## What you will do
Print every record exactly as it appears. Leave the pictures out.

## Data items
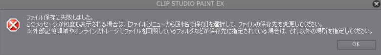 ファイル保存をしようとすると時々「ファイル保存に失敗しました」とメッセージが出て保存できません。 内容的には画像のようなエラーメッセージが出ます。
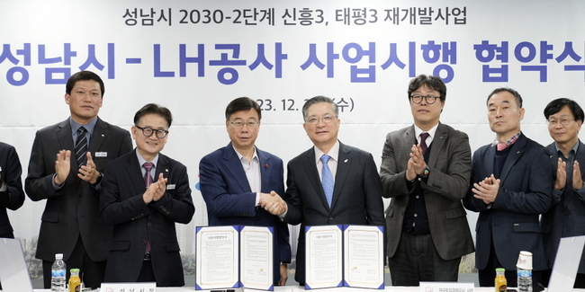 이날 오전 성남시청에서 열린 협약식에서 신상진 성남시장은 이한준 LH 사장과 지난 2 월 재개발 정비구역으로 지정된 태평 3, 신흥 3 구역에 대해 공공 사업시행자 지정을 위한 협약을 체결하고 본격적인 사업 시작을 알렸다.
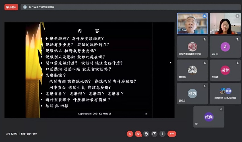 本校通識教育中心於110年12月15日舉辦線上講座「向經典學說話-溝通無礙的藝術」,邀請中華儒道研究協會理事長李克明,與同學們一起透過中華經典發現「老智慧」,以「新思維」掌握說話的藝術,讓大家在日後面臨人際互動難題時,不必搜索西方理論,也能在棘手問題上迎刃而解。
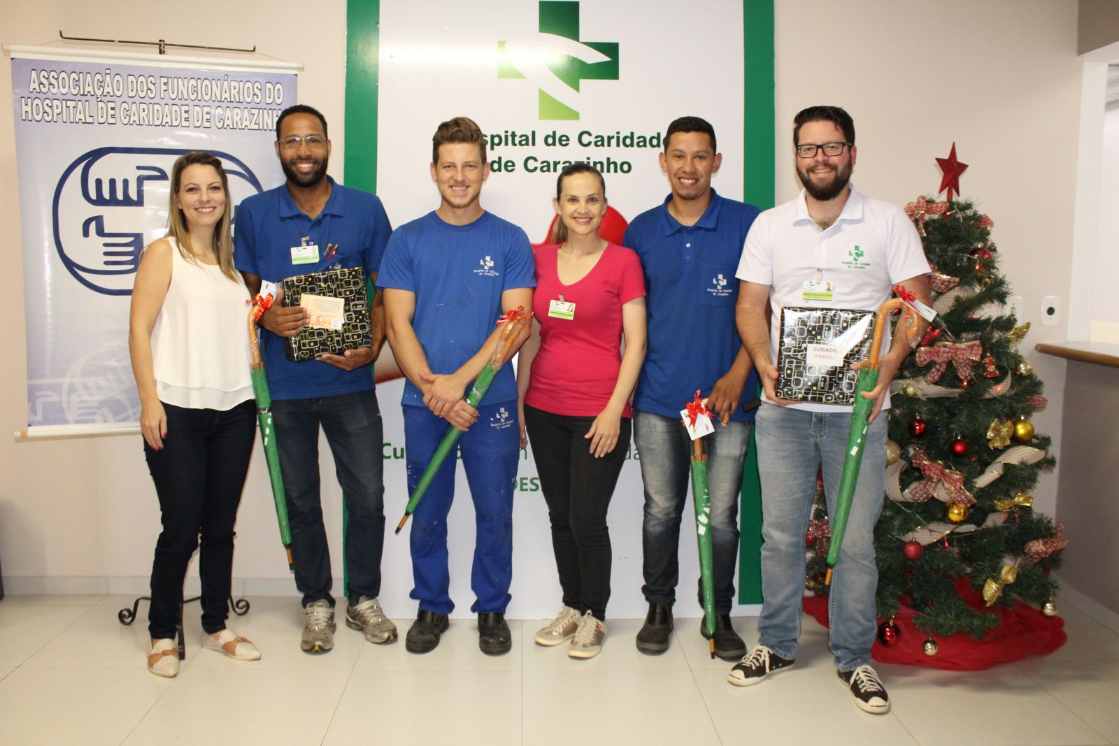 Faltando poucos dias para o Natal, os colaboradores do Hospital de Caridade de Carazinho foram presentados com guarda-chuvas personalizados.
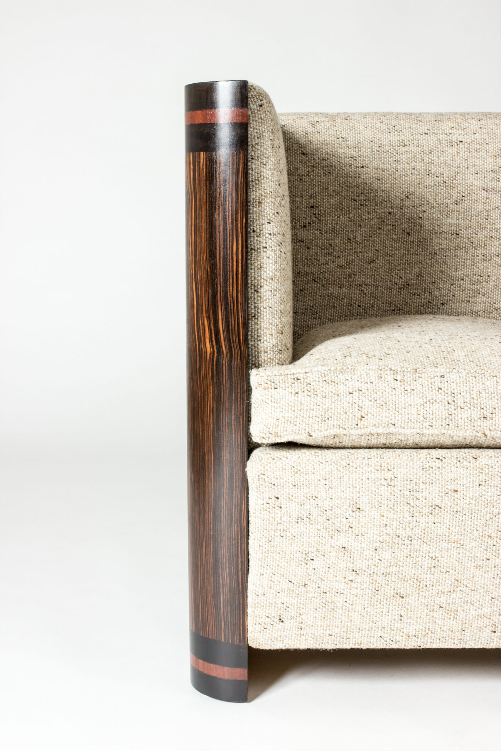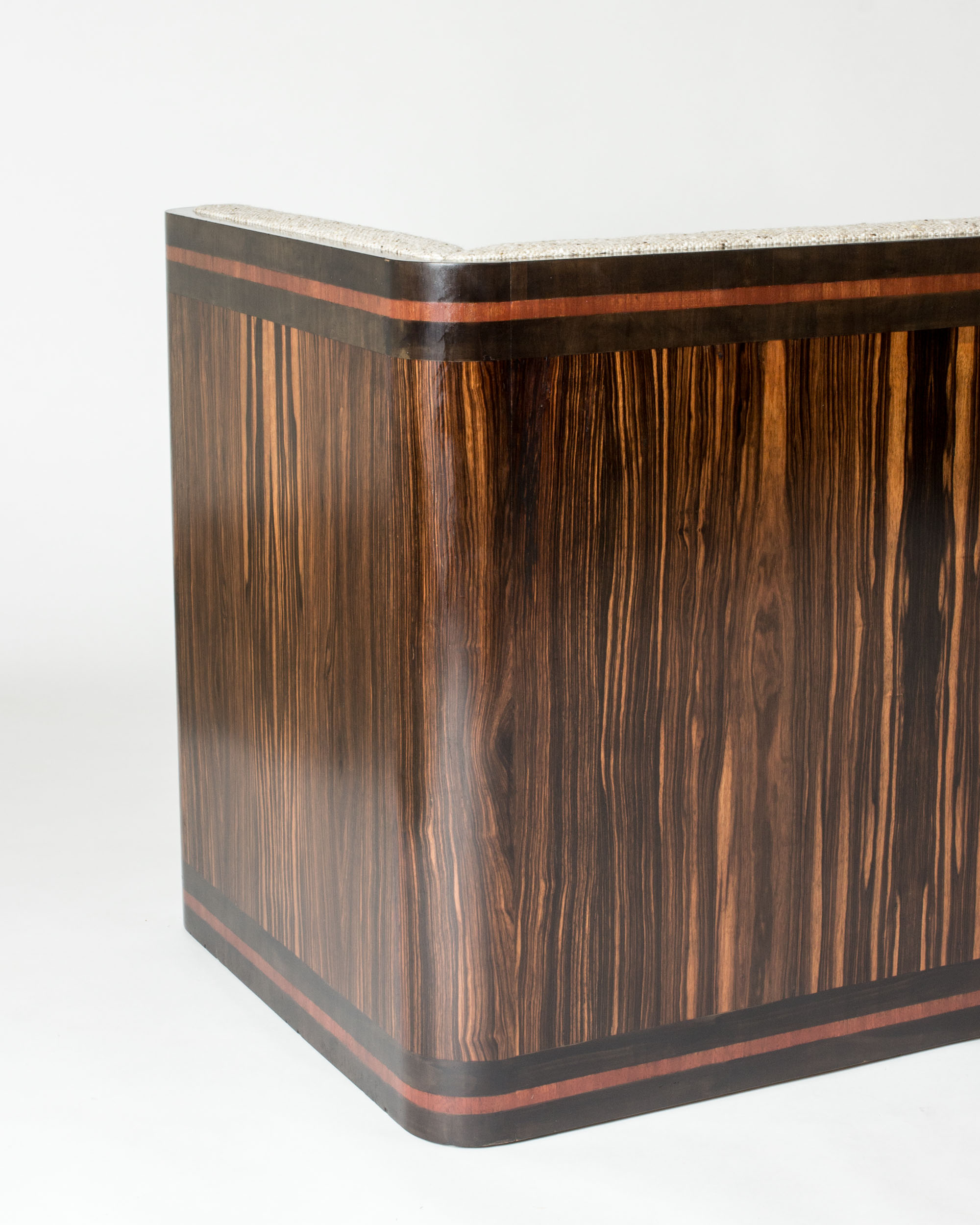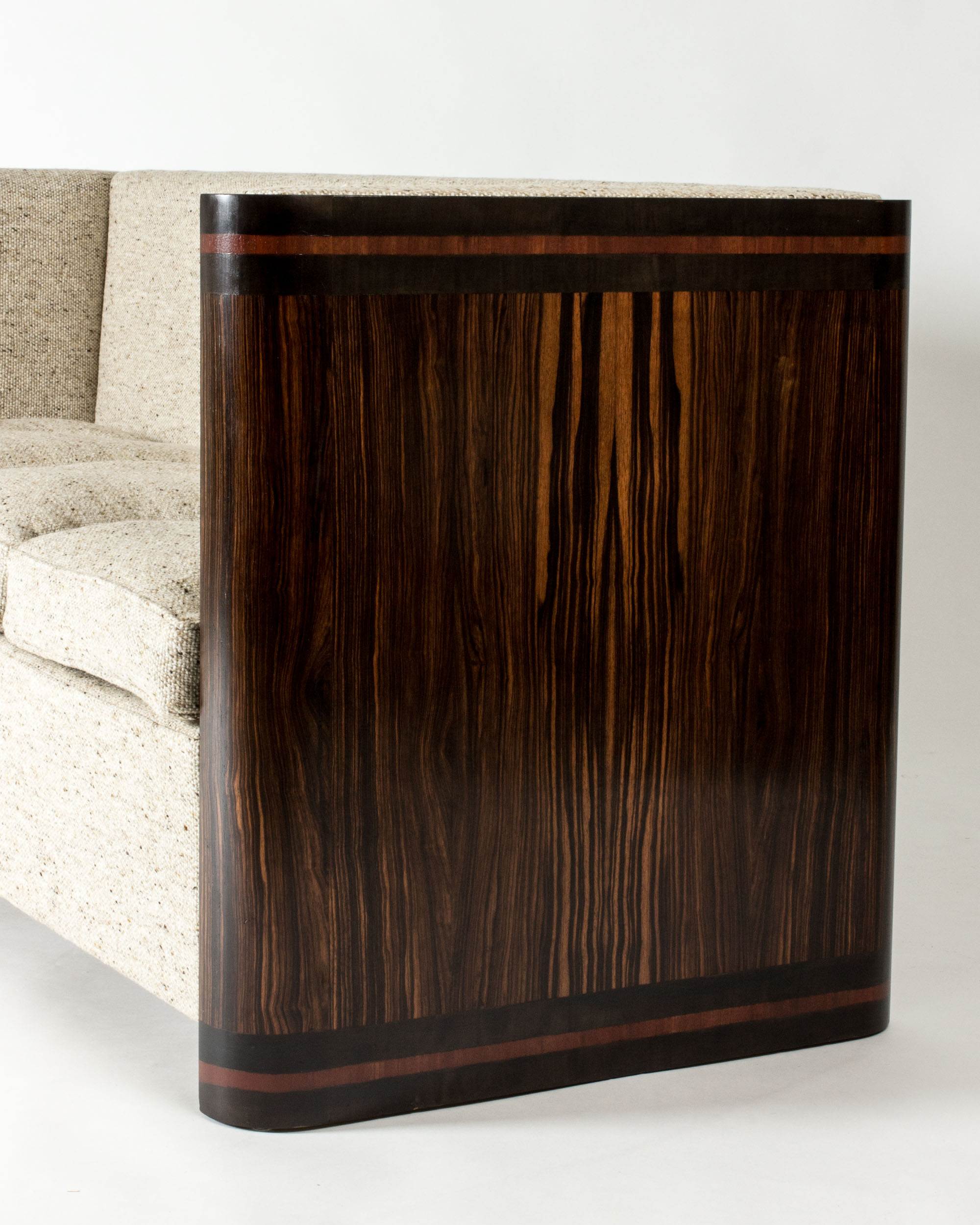 Very elegant Swedish Modern sofa, with a compact wooden frame along the back and sides, made from rosewood with lighter wooden stripes around the top and bottom. Re-upholstered in a luxurious wool fabric that is a modern update in the style of the original fabric. Comfy down cushions.
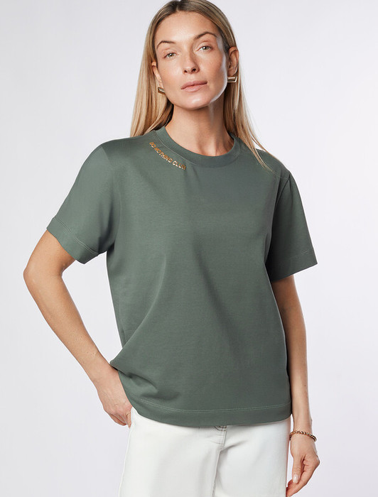 Vilatte Футболка из премиального хлопка с принтом фольгой D49.098 т.оливковый_do

## Response box
 ファイル保存をしようとすると時々「ファイル保存に失敗しました」とメッセージが出て保存できません。 内容的には画像のようなエラーメッセージが出ます。
 이날 오전 성남시청에서 열린 협약식에서 신상진 성남시장은 이한준 LH 사장과 지난 2 월 재개발 정비구역으로 지정된 태평 3, 신흥 3 구역에 대해 공공 사업시행자 지정을 위한 협약을 체결하고 본격적인 사업 시작을 알렸다.
 本校通識教育中心於110年12月15日舉辦線上講座「向經典學說話-溝通無礙的藝術」,邀請中華儒道研究協會理事長李克明,與同學們一起透過中華經典發現「老智慧」,以「新思維」掌握說話的藝術,讓大家在日後面臨人際互動難題時,不必搜索西方理論,也能在棘手問題上迎刃而解。
 Faltando poucos dias para o Natal, os colaboradores do Hospital de Caridade de Carazinho foram presentados com guarda-chuvas personalizados.
 Very elegant Swedish Modern sofa, with a compact wooden frame along the back and sides, made from rosewood with lighter wooden stripes around the top and bottom. Re-upholstered in a luxurious wool fabric that is a modern update in the style of the original fabric. Comfy down cushions.
 Vilatte Футболка из премиального хлопка с принтом фольгой D49.098 т.оливковый_do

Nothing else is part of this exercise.